Uma médica endocrinologista foi consultada e refere que a paciente não realizou as dosagens hormonais solicitadas, ou seja, ela iniciou um tratamento hormonal não descrito no prontuário. Como conduta deste último profissional, a paciente foi encaminhada ao ambulatório de genética. A conduta da geneticista foi orientar a paciente sobre o distúrbio da diferenciação do sexo que ela suspeita, o pseudo-hermafroditismo, e explicar as etapas para investigação do caso. Solicitou os exames que já foram realizados e informou o valor e importância da realização do cariótipo. Por fim, agendou exame físico que será realizado em local apropriado. Na consulta seguinte, a geneticista obteve mais informações sobre a infância e adolescência da paciente e realizou exame físico.

A paciente relatou ter realizado mastectomia parcial sob alegação de ginecomastia que consiste no crescimento das mamas nos homens, geralmente associadas a desequilíbrios hormonais. Segundo descrição no prontuário, a geneticista teve dificuldade para realizar o exame físico por falta de condições apropriadas. Como conduta, a profissional solicitou o cariótipo para precisar o diagnóstico. Sua hipótese continuou pseudo-hermafroditismo masculino, disgenesia gonadal mista ou deficiência da 5a redutase. Aguardaria o retorno da paciente com os resultados do exame para fechar o diagnóstico, porém esta não retornou à consulta.
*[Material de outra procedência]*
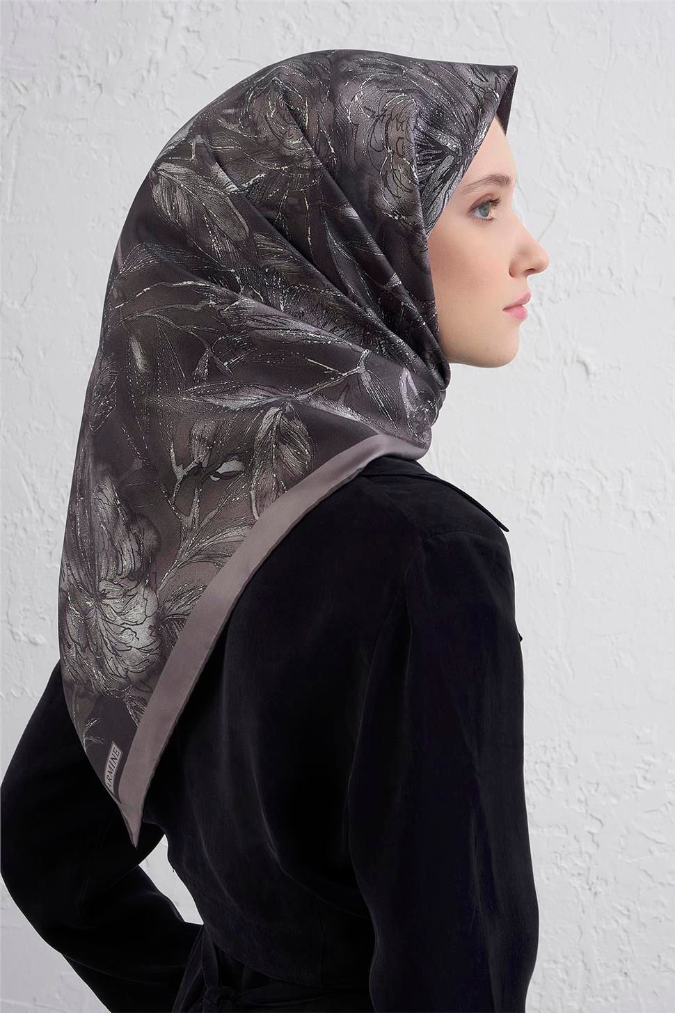 Armine Çiçek Desenli Saf İpek Twill Eşarp 9409D 07

A paciente interrompeu o tratamento no mesmo ano, em 2004.

O segundo caso, atendido em 2005, foi encaminhado para o Hospital por um neurologista infantil da cidade que o paciente reside, no interior do Estado, para avaliação no setor de genética, por apresentar quadro de anomalias congênitas múltiplas associadas à genitália externa. Na consulta, a geneticista fez anamnese da criança, exame físico, e registrou o resultado do cariótipo. O profissional não precisou o diagnóstico, e sua hipótese diagnóstica foi dismorfias múltiplas a esclarecer numa revisão de todo o caso, não solicitando exames de nenhuma espécie.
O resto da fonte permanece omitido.